Laureation address – Les Murray

Thursday 23 June 2011

Les Murray
Honorary Degree of Doctor of Letters

Laureation by Professor Don Paterson
School of English
Thursday 23 June 2011

Les Murray

Chancellor, it is my privilege to present Les Murray for the degree of Doctor of Letters, honoris causa.

The great American poet Robert Lowell was once invited to give a reading at an Ivy League university. In his introduction, the Dean warmly welcomed Lowell, assuring him he would feel at home as there were no less that ten other poets on the staff of the English faculty. With his customary tact, Lowell replied that he doubted there were ten poets alive on the entire planet. As Landor once remarked, “In poetry, there is a greater difference between the good and the excellent, than there is between the bad and the good. Poetry has no golden mean.” But because the distinction is sharp, poetry does have consensus: if you asked the world’s many good poets to write down the names of the five excellent ones, it is very likely Les Murray’s would be among them.

Les Murray was born in New South Wales in 1938, grew up in the district of Bunyah, and studied at the University of Sydney. He developed a strong interest in languages, and in the mid-1960s worked as a translator at the Australian National University. After a period of travel in Europe, Murray returned to Sydney, and in the early 1970s gave up what he described as his “respectable cover occupations” to embrace the disreputable art of poetry as a full-time career. In the 1980s, Murray returned to his family home in Bunyah, New South Wales, where he has lived since. Murray’s own family arrived in Sydney from Scotland in the mid-19th century, and In that culturally acquisitive way of ours, we have always regarded Murray as essentially a Scottish poet taking a leisurely route home; but he has always been a frequent visitor here, and proudly declares his Scottish heritage.
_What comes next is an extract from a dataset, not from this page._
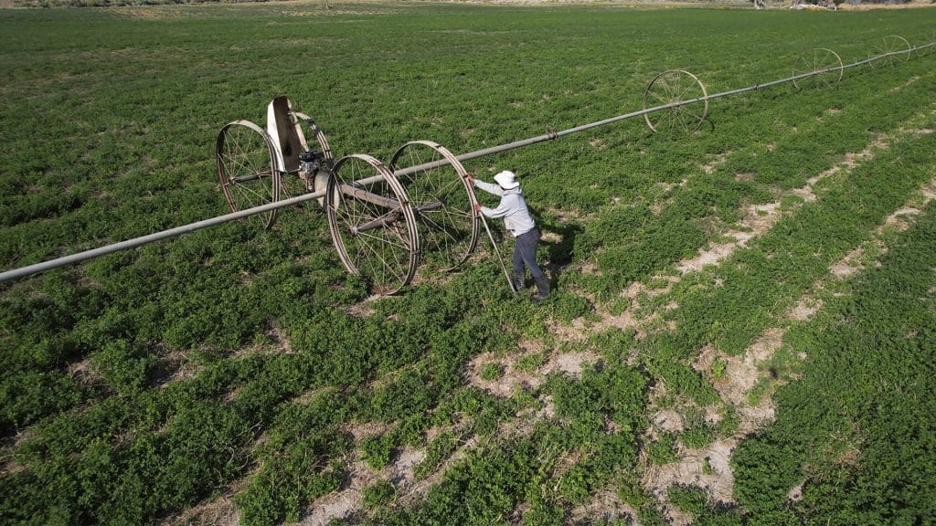 Un trabajador inmigrante riega un campo en el Baker Ranch el lunes 9 de septiembre de 2024, en Baker, Nevada. (Foto AP/Rick Bowmer/Archivo)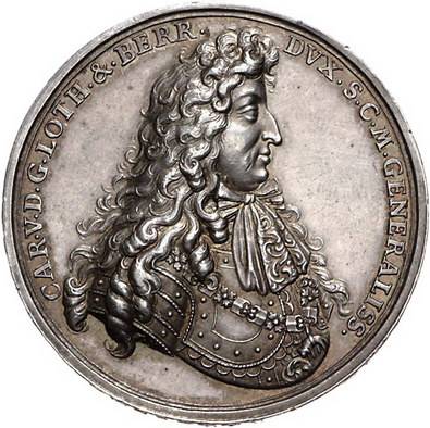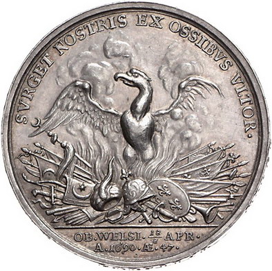 Los-Nummer: Auktion 51 - 2111 Haus Habsburg Haus Habsburg Leopold I. 1657-1705, Medaille 1690, von Hautsch. Auf den Tod des Herzogs von Lothringen in der Schlacht bei Wels. Brustbild nach rechts / Phönix aus brennenden Trophäen aufsteigend. Slg. Montenuovo 1101 , Slg. Julius -, Slg. Erlanger 2521, Slg. Robert 1578. 40 mm 25,52 g. Vorzüglich Schätzpreis: 750,- Zuschlag: 1100,- |

To call Murray’s literary output ‘rich and various’ is to give no impression of a poetry, as Derek Walcott described it, “so rooted in its sacredness, so broad-leafed in its pleasures”, nor communicate anything of its effortless fluency and almost casual innovation. However, one attribute we tend to think of as distinctly Murrayesque is ‘sprawl’. ‘Sprawl’ is something Murray himself identifies as strongly characteristic of the Australian aesthetic, a little like ‘louche’ on steroids, but with added intent – but it’s as indefinable and elusive a quality as Spanish duende, or Scots couthiness. ‘Sprawl,’ he says, ‘… is doing your farm work by aeroplane, roughly, / or driving a hitchhiker that extra hundred miles home … / … Sprawl occurs in art. The fifteenth to twenty-first / lines in a sonnet, for example. And in certain paintings. / I have sprawl enough to have forgotten which paintings.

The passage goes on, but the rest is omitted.